▶ WHAT YOU WILL DO: Starting at the line below with "Cumulative soil loss" and stopping at the line with "Spring or summer", please print each line exactly, those two included, and skip every picture.

▶ RECORDS SHOWN:

++++++++

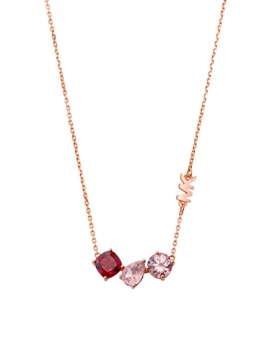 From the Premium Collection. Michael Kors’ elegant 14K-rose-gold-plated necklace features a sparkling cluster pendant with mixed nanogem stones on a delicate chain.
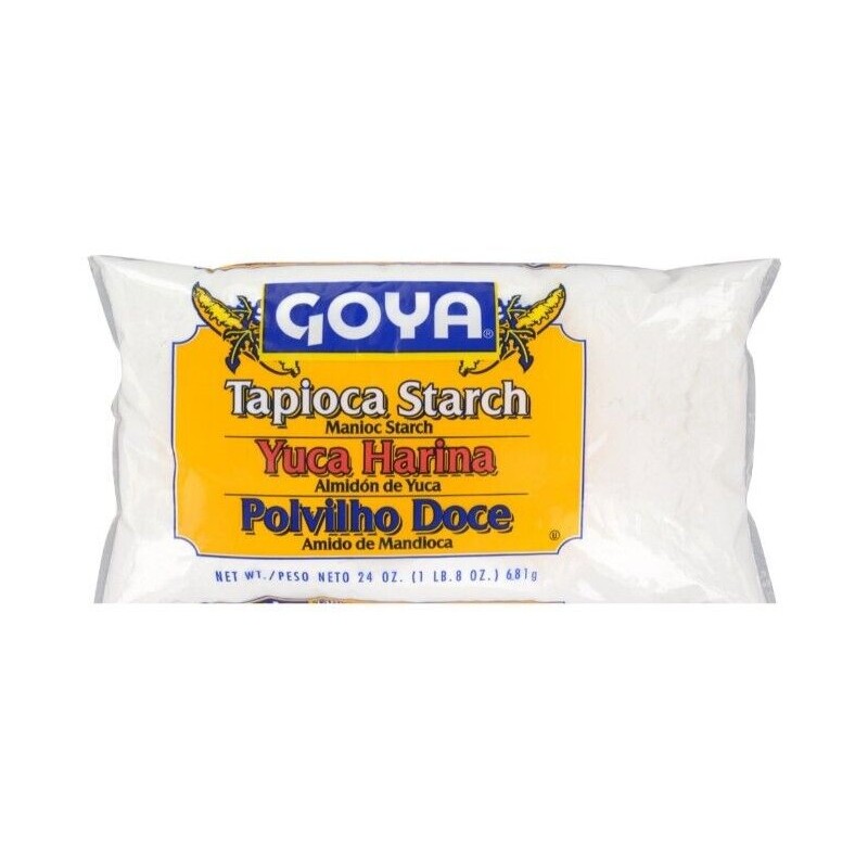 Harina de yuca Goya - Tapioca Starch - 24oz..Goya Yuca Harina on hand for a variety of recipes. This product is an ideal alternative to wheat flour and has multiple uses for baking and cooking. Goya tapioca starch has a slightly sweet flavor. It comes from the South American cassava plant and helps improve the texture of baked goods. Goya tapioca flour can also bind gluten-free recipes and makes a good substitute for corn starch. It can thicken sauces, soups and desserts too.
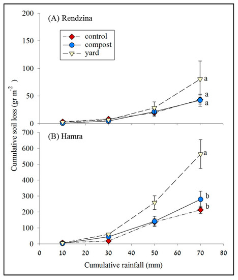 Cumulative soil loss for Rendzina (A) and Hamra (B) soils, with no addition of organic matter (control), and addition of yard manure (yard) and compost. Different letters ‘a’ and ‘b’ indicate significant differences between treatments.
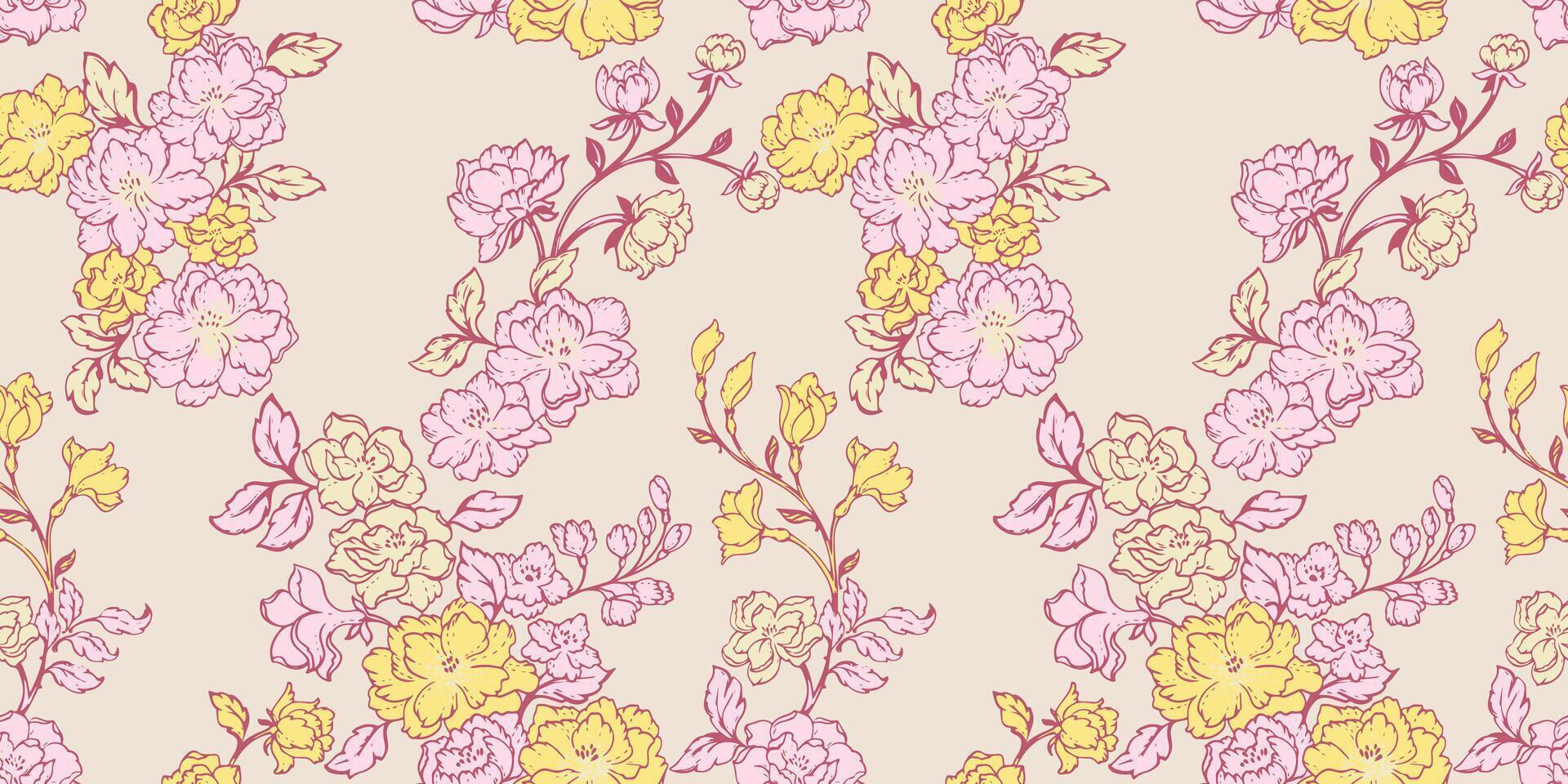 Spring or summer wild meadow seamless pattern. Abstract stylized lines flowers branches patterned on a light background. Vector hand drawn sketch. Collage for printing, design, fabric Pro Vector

++++++++

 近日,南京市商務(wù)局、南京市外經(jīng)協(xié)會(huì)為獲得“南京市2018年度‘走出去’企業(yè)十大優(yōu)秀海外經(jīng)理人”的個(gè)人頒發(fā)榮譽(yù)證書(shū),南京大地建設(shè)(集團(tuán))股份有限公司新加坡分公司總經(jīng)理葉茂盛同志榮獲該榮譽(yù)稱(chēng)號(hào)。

++++++++

▶ WRITTEN RESPONSE:
 Cumulative soil loss for Rendzina (A) and Hamra (B) soils, with no addition of organic matter (control), and addition of yard manure (yard) and compost. Different letters ‘a’ and ‘b’ indicate significant differences between treatments.
 Spring or summer wild meadow seamless pattern. Abstract stylized lines flowers branches patterned on a light background. Vector hand drawn sketch. Collage for printing, design, fabric Pro Vector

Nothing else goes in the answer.